* Work required
Should the listing contain images, exclude them; give the rest again exactly.

=======

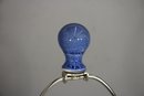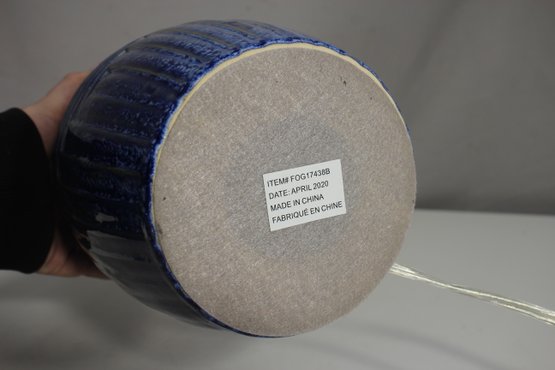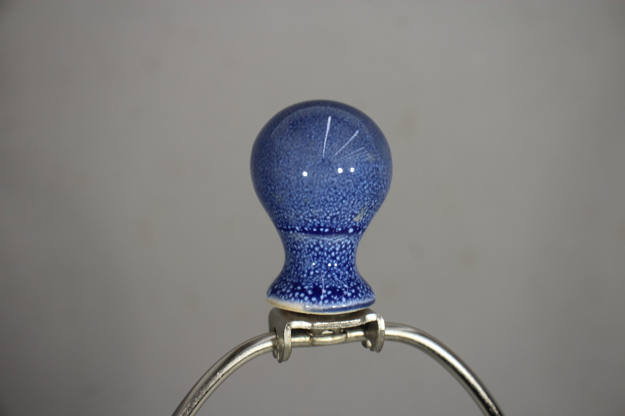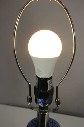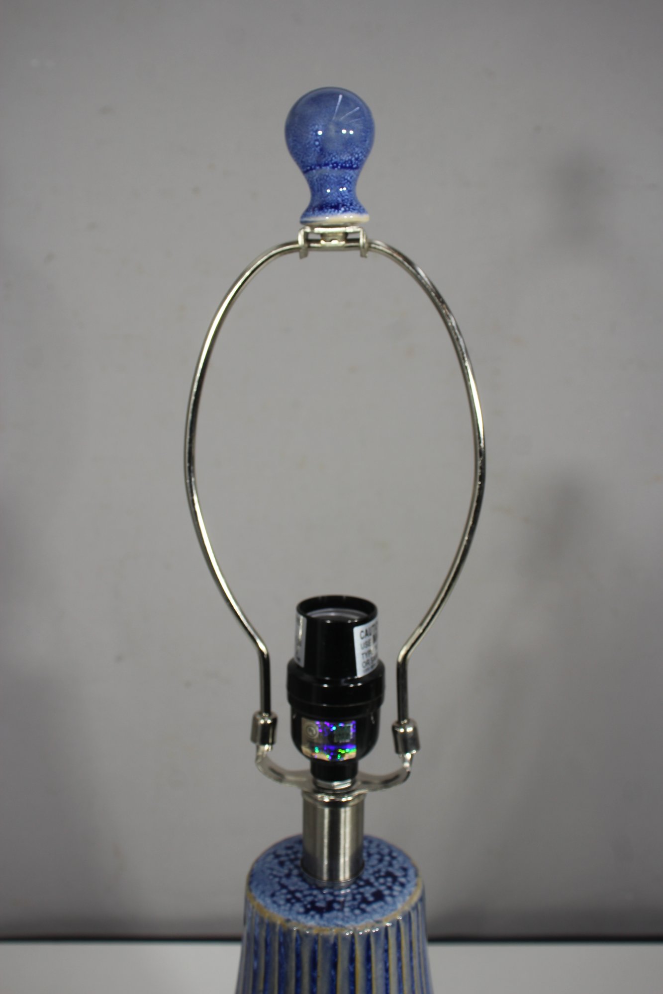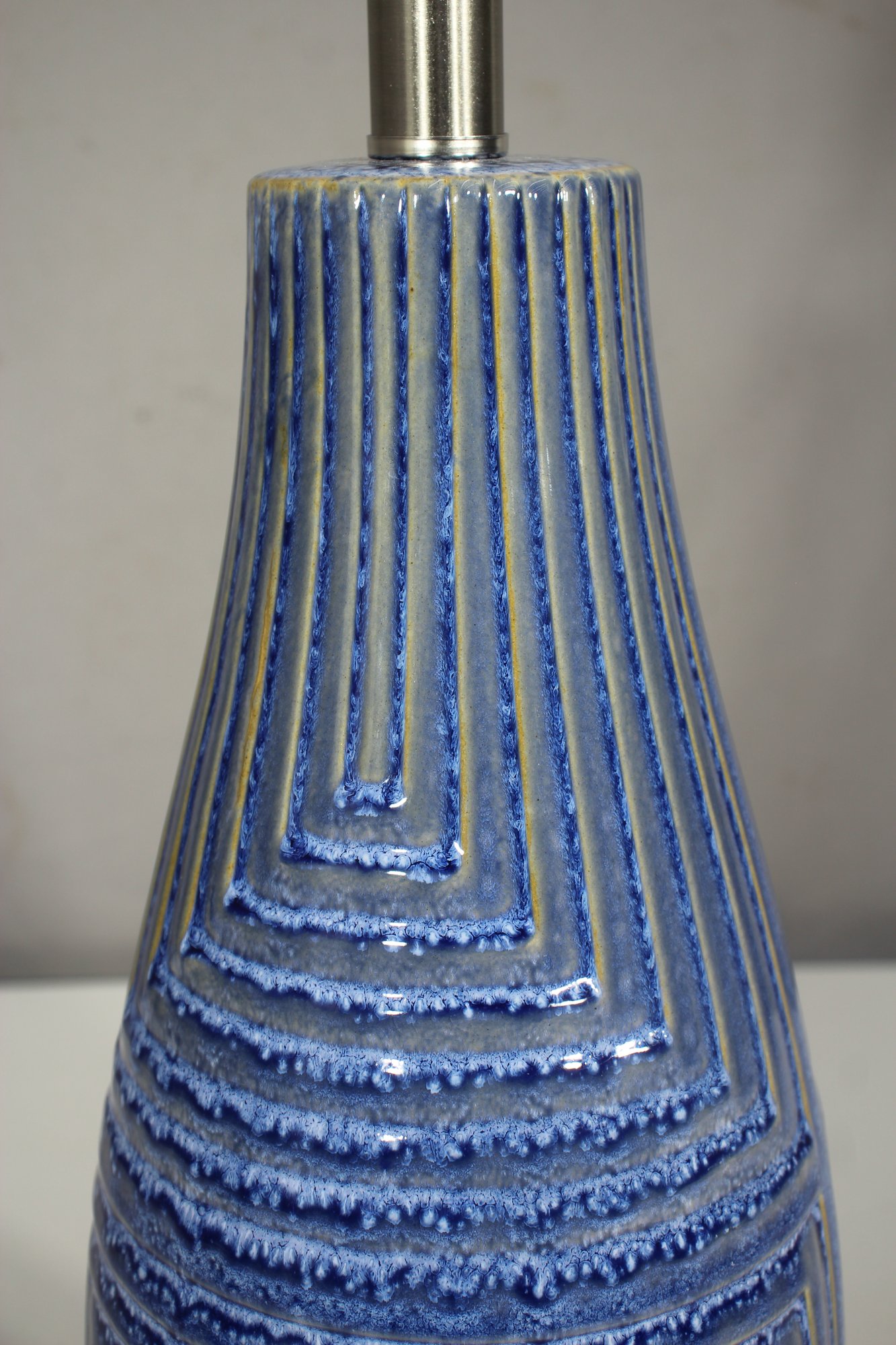 a gorgeous 27” vintage ceramic table lamp featuring a striking blue glaze with a geometric textured pattern. The lamp has a matching ceramic finial, adding to its cohesive and artistic design.
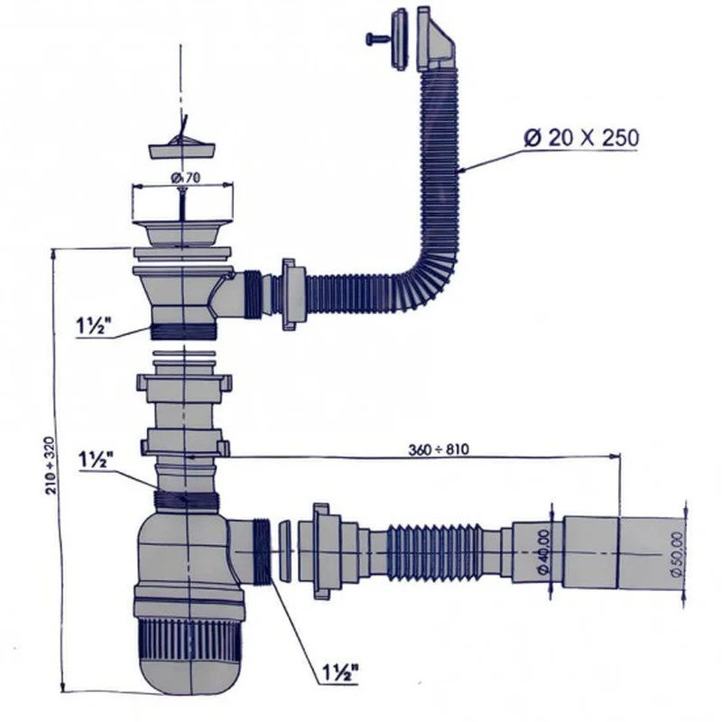 Характеристики сифона для мойки Bakimay PL1033 с переливом:
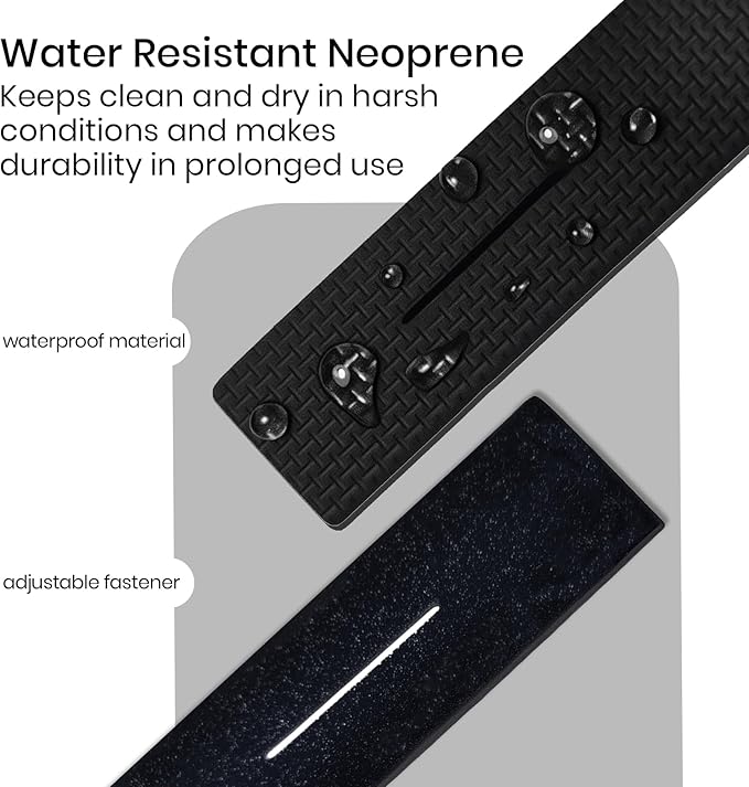 - Water Resistant Neoprene: Made of high-quality premium neoprene, the tie wraps feature resistance to water and abrasion. They keep clean and dry all the time in harsh conditions to reliably storage fishing rods
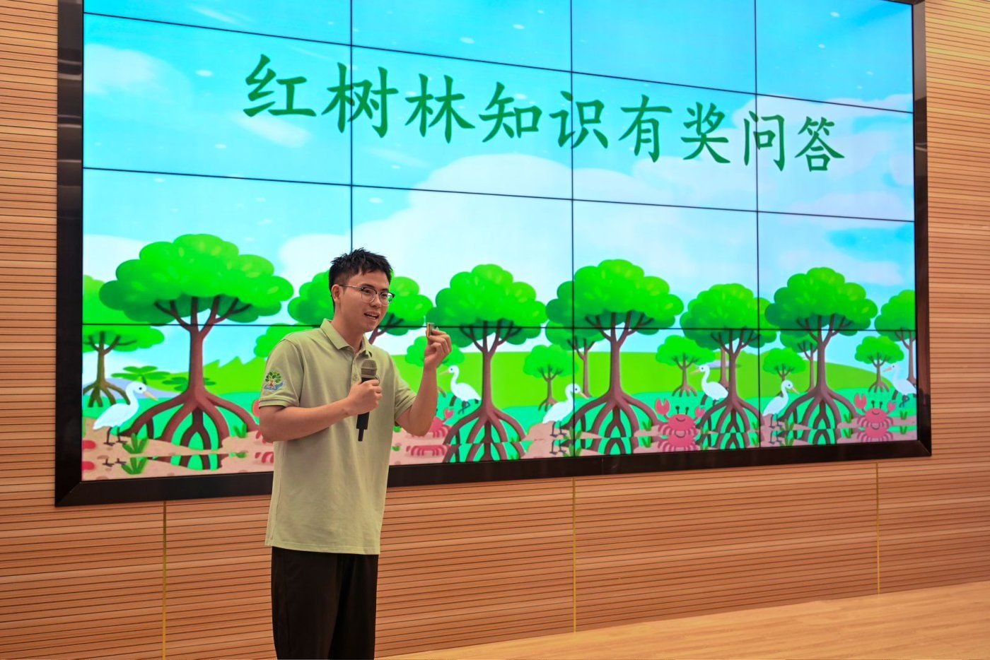 红树林知识互动问答环节将现场气氛推向了高潮。主持人提出的一个个关于红树林的问题,如红树林的特有繁殖方式、常见的红树植物种类等,都引发了同学们的积极响应。大家纷纷举手,踊跃参与抢答,活动在充满鼓励与科普的氛围中进行,知识在热烈的互动中传递,保护的意识在心中萌芽。
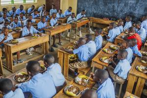 (260122) -- KIGALI, 22 enero, 2026 (Xinhua) -- Imagen del 20 de enero de 2026 de niños almorzando en su salón de clases en una escuela, en el distrito de Bugesera, en la provincia Oriental, en Ruanda. Bajo un programa de apoyo infantil lanzado en 2023, los niños aquí reciben alimentos en escuelas para atender sus problemas de nutrición. (Xinhua/Cyril Ndegeya) (rtg) (ra) (vf)
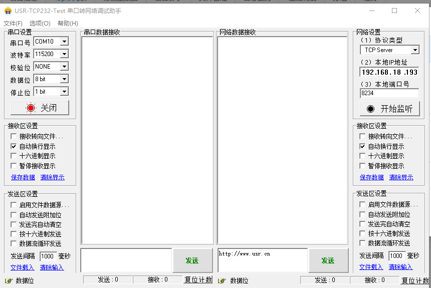 (3)打開一個串口助手,串口參數設置和USR-G805p串口參數一致,做串口數據接收和發(fā)送。
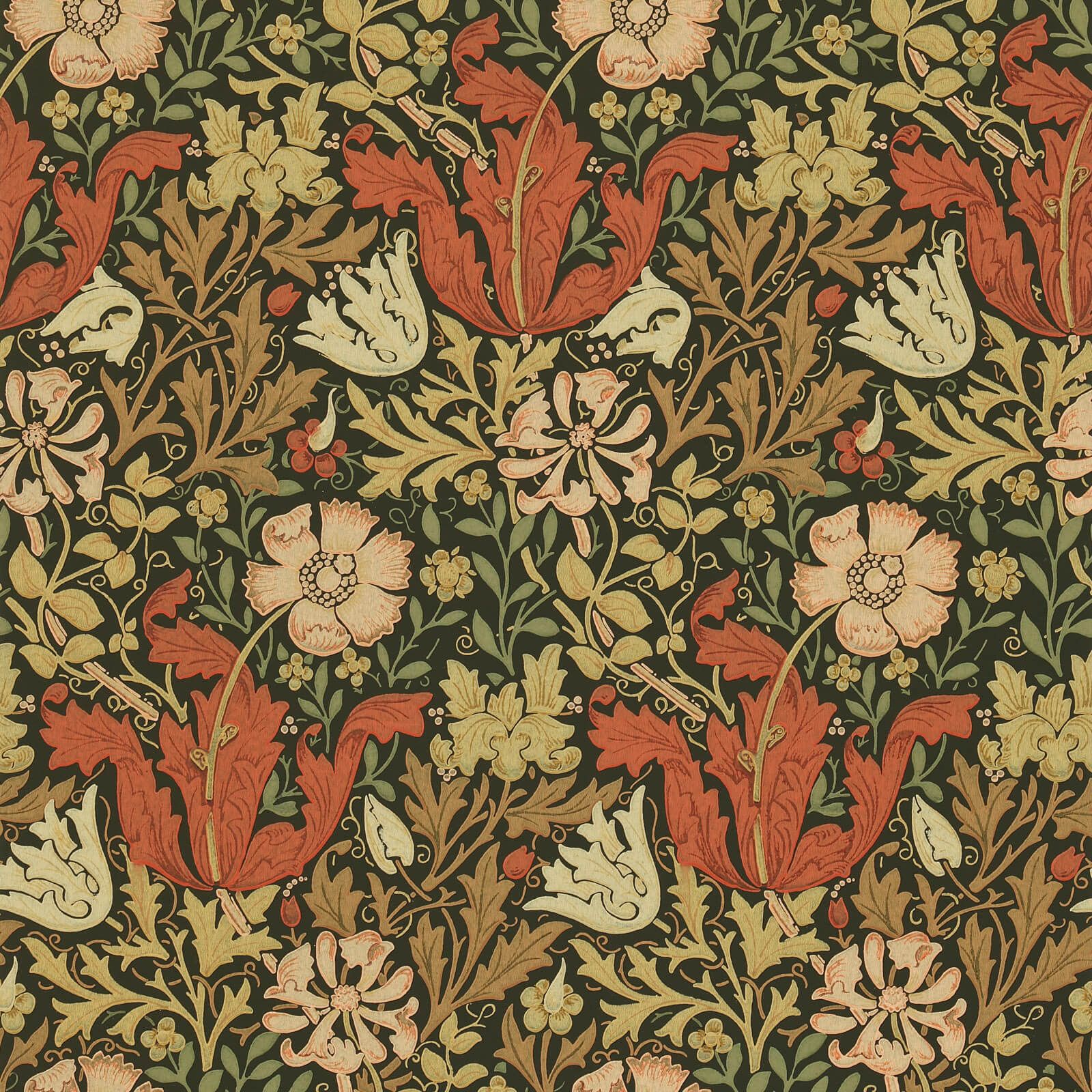 Compton was designed by John Henry Dearle in 1895, especially for Compton Hall in Wolverhampton the home of Laurence Hodson. The original design required two sets of wood blocks to print all 28 colours owing to the large vertical repeating pattern but has since been scaled down and adapted for a wider audience.
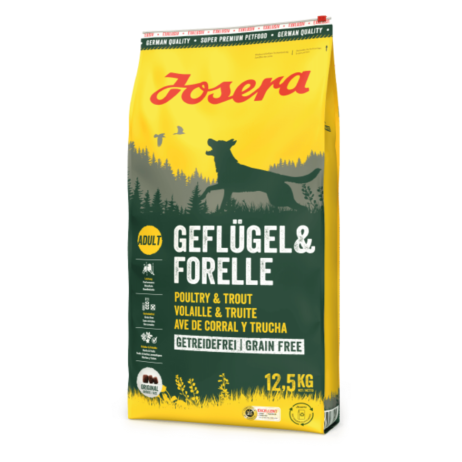 Josera Geflügel & Forelle cухий беззерновий корм з птицею і фореллю для дорослих собак.
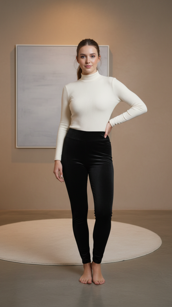 Choose bodysuits in neutral tones like cream, black, or camel to maximize versatility. The turtleneck provides extra warmth around your neck and chest without adding bulk. Meanwhile, velvet leggings offer a plush feel against your skin while looking polished enough for video calls.
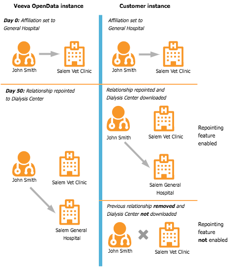 If your Veeva OpenData subscription filters or working set are defined to only download Veterinary HCOs, but a relationship has changed so an HCP now has a Parent HCO that is a General Hospital, the General Hospital will be downloaded to your Network instance so you receive the latest relationship data.
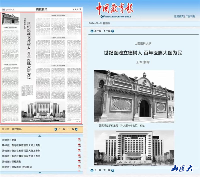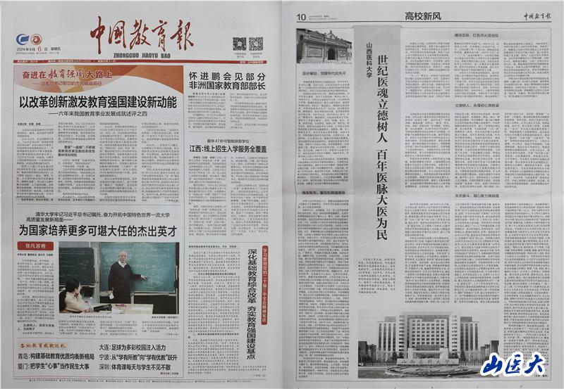 9月6日,《中國教育報》整版刊發我校黨委書記王軍、校長解軍的署名文章《世紀醫魂立德樹人 百年醫脈大醫為民》。文章分“醫府肇始,覺醒年代啟先河”“煥發新生,重任在肩強使命”“賡續血脈,紅色淬火堅信仰”“立德樹人,永葆初心育棟梁”“矢志奮斗,凝心聚力鑄輝煌”五個部分,全面回顧總結了c7c7.app從建校到奮進新時代105年來的光輝歷程,展現了在新時代新征程上學校堅持以習近平新時代中國特色社會主義思想為指導推進高質量發展的生動實踐。
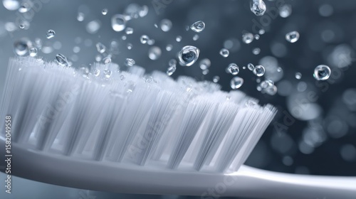 Close Up of a Toothbrush with Glimmering Water Droplets Highlighting Freshness and Cleanliness in a Bright and Inviting Bathroom Setting
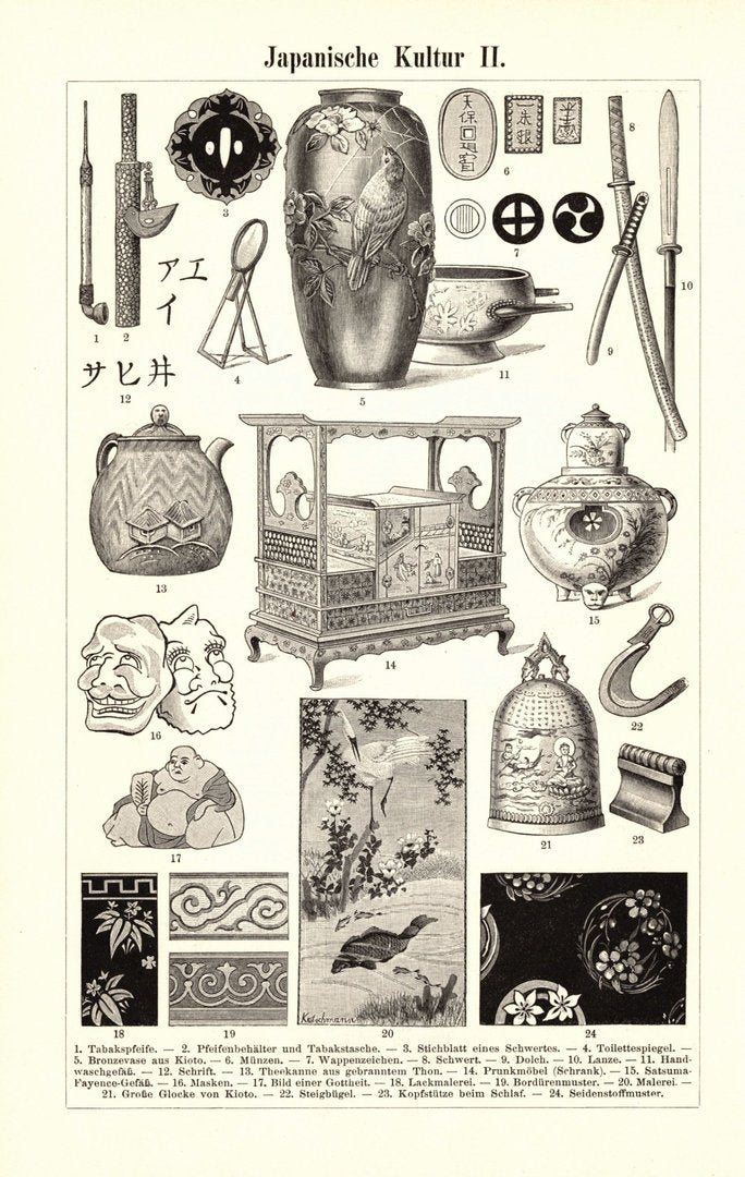 Japanische Kultur. Buchillustration (Stich) von 1896
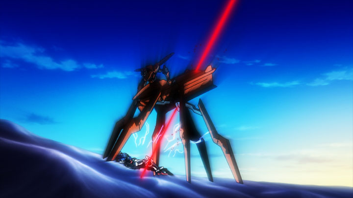 Ali Al Saachez tient l'Exia dans les griffes de son Agrissa. La décharge de plasma de ce Mobile Armor inflige souffrance à Setsuna tandis qu'il prie pour être sauvé. Il prie alors qu'Ali lui souhaite la mort. Il prie jusqu'à ce que des éclairs rouges descendent du ciel et viennent foudroyer son bourreau. A cet instant se dresse fièrement dans le ciel bleu un Mobile Suit rouge entouré d'un nuage scintillant. Setsuna et sa machine tendant la main vers lui, vers leur sauveur... Un Gundam ! C'est le Gundam Throne Drei, piloté par une jeune fille : Nena Trinity, Gundam Meister, comme ses deux frères...
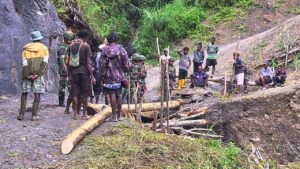 Satgas Pamtas RI-PNG Kewilayahan Papua Pegunungan Yonif 521/DY Pos Eragayam ikut serta membangun jembatan akibat longsor yang mengakibatkan terputusnya jalur perlintasan warga.
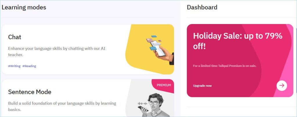 TalkpalはChat GPTを搭載した言語チューターです。特徴は次の通りです。

=======

* Solved exercise
 a gorgeous 27” vintage ceramic table lamp featuring a striking blue glaze with a geometric textured pattern. The lamp has a matching ceramic finial, adding to its cohesive and artistic design.
 Характеристики сифона для мойки Bakimay PL1033 с переливом:
 - Water Resistant Neoprene: Made of high-quality premium neoprene, the tie wraps feature resistance to water and abrasion. They keep clean and dry all the time in harsh conditions to reliably storage fishing rods
 红树林知识互动问答环节将现场气氛推向了高潮。主持人提出的一个个关于红树林的问题,如红树林的特有繁殖方式、常见的红树植物种类等,都引发了同学们的积极响应。大家纷纷举手,踊跃参与抢答,活动在充满鼓励与科普的氛围中进行,知识在热烈的互动中传递,保护的意识在心中萌芽。
 (260122) -- KIGALI, 22 enero, 2026 (Xinhua) -- Imagen del 20 de enero de 2026 de niños almorzando en su salón de clases en una escuela, en el distrito de Bugesera, en la provincia Oriental, en Ruanda. Bajo un programa de apoyo infantil lanzado en 2023, los niños aquí reciben alimentos en escuelas para atender sus problemas de nutrición. (Xinhua/Cyril Ndegeya) (rtg) (ra) (vf)
 (3)打開一個串口助手,串口參數設置和USR-G805p串口參數一致,做串口數據接收和發(fā)送。
 Compton was designed by John Henry Dearle in 1895, especially for Compton Hall in Wolverhampton the home of Laurence Hodson. The original design required two sets of wood blocks to print all 28 colours owing to the large vertical repeating pattern but has since been scaled down and adapted for a wider audience.
 Josera Geflügel & Forelle cухий беззерновий корм з птицею і фореллю для дорослих собак.
 Choose bodysuits in neutral tones like cream, black, or camel to maximize versatility. The turtleneck provides extra warmth around your neck and chest without adding bulk. Meanwhile, velvet leggings offer a plush feel against your skin while looking polished enough for video calls.
 If your Veeva OpenData subscription filters or working set are defined to only download Veterinary HCOs, but a relationship has changed so an HCP now has a Parent HCO that is a General Hospital, the General Hospital will be downloaded to your Network instance so you receive the latest relationship data.
 9月6日,《中國教育報》整版刊發我校黨委書記王軍、校長解軍的署名文章《世紀醫魂立德樹人 百年醫脈大醫為民》。文章分“醫府肇始,覺醒年代啟先河”“煥發新生,重任在肩強使命”“賡續血脈,紅色淬火堅信仰”“立德樹人,永葆初心育棟梁”“矢志奮斗,凝心聚力鑄輝煌”五個部分,全面回顧總結了c7c7.app從建校到奮進新時代105年來的光輝歷程,展現了在新時代新征程上學校堅持以習近平新時代中國特色社會主義思想為指導推進高質量發展的生動實踐。
 Close Up of a Toothbrush with Glimmering Water Droplets Highlighting Freshness and Cleanliness in a Bright and Inviting Bathroom Setting
 Japanische Kultur. Buchillustration (Stich) von 1896
 Ali Al Saachez tient l'Exia dans les griffes de son Agrissa. La décharge de plasma de ce Mobile Armor inflige souffrance à Setsuna tandis qu'il prie pour être sauvé. Il prie alors qu'Ali lui souhaite la mort. Il prie jusqu'à ce que des éclairs rouges descendent du ciel et viennent foudroyer son bourreau. A cet instant se dresse fièrement dans le ciel bleu un Mobile Suit rouge entouré d'un nuage scintillant. Setsuna et sa machine tendant la main vers lui, vers leur sauveur... Un Gundam ! C'est le Gundam Throne Drei, piloté par une jeune fille : Nena Trinity, Gundam Meister, comme ses deux frères...
 Satgas Pamtas RI-PNG Kewilayahan Papua Pegunungan Yonif 521/DY Pos Eragayam ikut serta membangun jembatan akibat longsor yang mengakibatkan terputusnya jalur perlintasan warga.
 TalkpalはChat GPTを搭載した言語チューターです。特徴は次の通りです。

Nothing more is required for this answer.